음.. 그림을 그리면서 중요 항목만 설명하자면

Output(모델 출력)값과 target(데이터셋 라벨)값은
2회의 차원 변환을 수행해서
2차원에 마지막 차원이 [x, y, w, h]인 Tensor로 바꿔준다

여기서 1번째 차원변환은 view()이지만
2번째 차원변환은 reshape()인 이유는

view()는 메모리의 연속성이 있는 자료형에 대한 차원변환이고
reshape()는 메모리의 연속성이 없는 자료형도 차원변환을 해주기 때문이다.

음.. 쉽게 설명하자면 view()은 처음 딱 한번만 적용할 수 있는 차원변환이라 보면 된다.
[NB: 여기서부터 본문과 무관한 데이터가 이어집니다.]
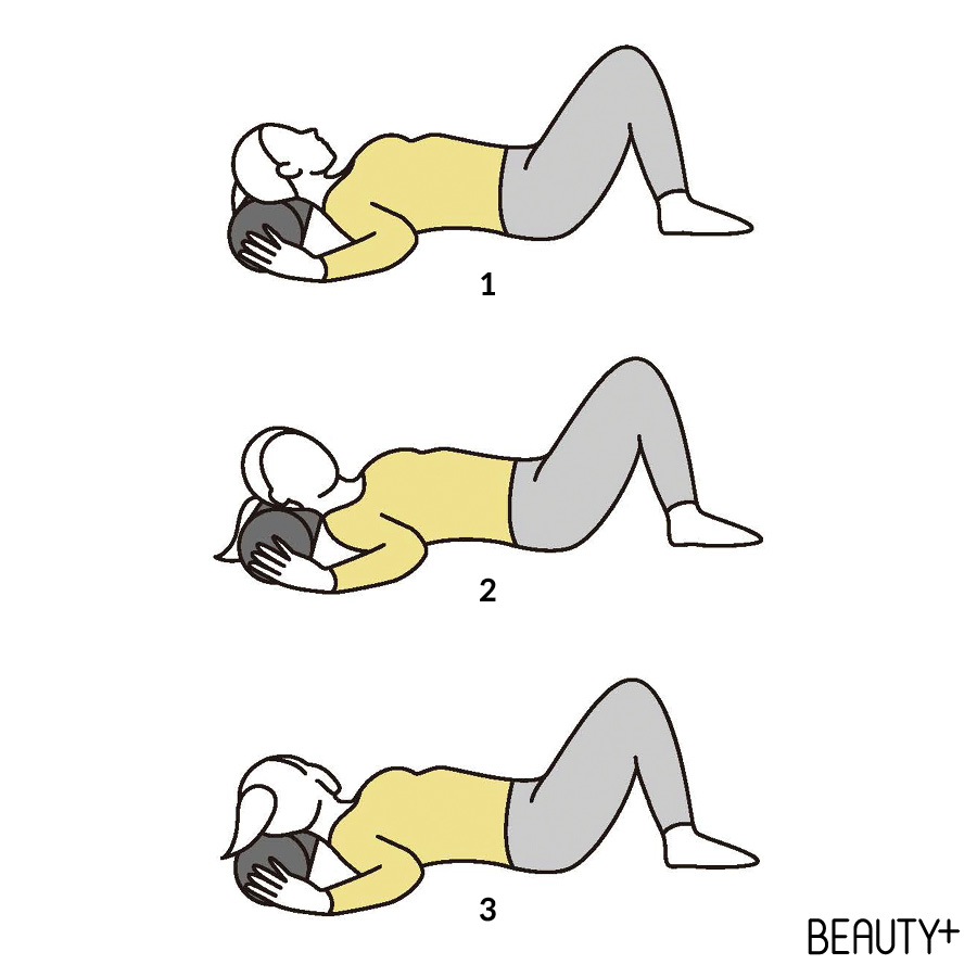 2 양손이 움직이지 않도록 지지하고, 발끝으로 바닥을 밀며 공을 위아래로 굴려준다. 양손은 고정한 채 팔꿈치의 각도만 조절하며 움직인다. 어깨를 최대한 아래로 멀게 떨어진 상태를 유지하고, 머리가 바닥으로 처지지 않게 움직인다.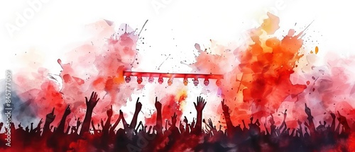 stadium, rock, music, concert, outside, fan, standing, stage, hands up, hand-drawn, watercolor, white background, live music, performance, event, crowd, audience, excitement, energy, atmosphere, celebration, entertainment, festival, vibrant, artistic, illustration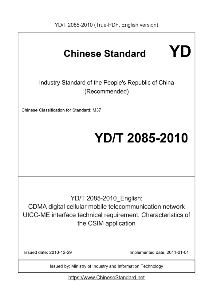 Delivery: <= 10 days. True-PDF full-copy in English will be manually translated and delivered via email. YD/T 2085-2010: CDMA digital cellular mobile telecommunication network UICC-ME interface technical requirement. Characteristics of the CSIM application Status: Valid

다음으로 객체가 존재할 때 해당 객체의 종류를 판별하는 classification과정에 대한 코드 설명이다.
차원변환 $\rightarrow$ torch.argmax(dim=1)
과정으로 최대값에 대한 idx정보만을 추출한다.
이때 grid_cell에 객체가 아에 없는 경우는
torch.argmax(dim=1)을 수행 시 0이란 값이
출력되기에 해당 정보는 마스크를 만들어서 필터링 해줘야한다.

위 두 중요한 항목에 대한 개념설명을 진행했으니
이제 Yolo v1에 대하여
Pascal VOC 2007데이터셋을 기반으로
훈련/검증 작업을 수행하도록 하겟다.

3. 훈련/검증

1) Yolo v1 모델 GPU로 이전 및 검토

from torchsummary import summary #설계한 모델의 요약본 출력 모듈

device = torch.device('cuda' if torch.cuda.is_available() else 'cpu')

model = Yolov1()
model.to(device) #모델을 GPU로
summary(model, input_size=(3, 448, 448), device=device.type)

2) 하이퍼 파라미터 설정

Yolo v1논문에서 작업한 버전은

optimizer = optim.SGD(model.parameters(), lr=0.001, momentum=0.9, weight_decay=0.0005)
scheduler = optim.lr_scheduler.MultiStepLR(optimizer, milestones=[75, 90], gamma=0.1)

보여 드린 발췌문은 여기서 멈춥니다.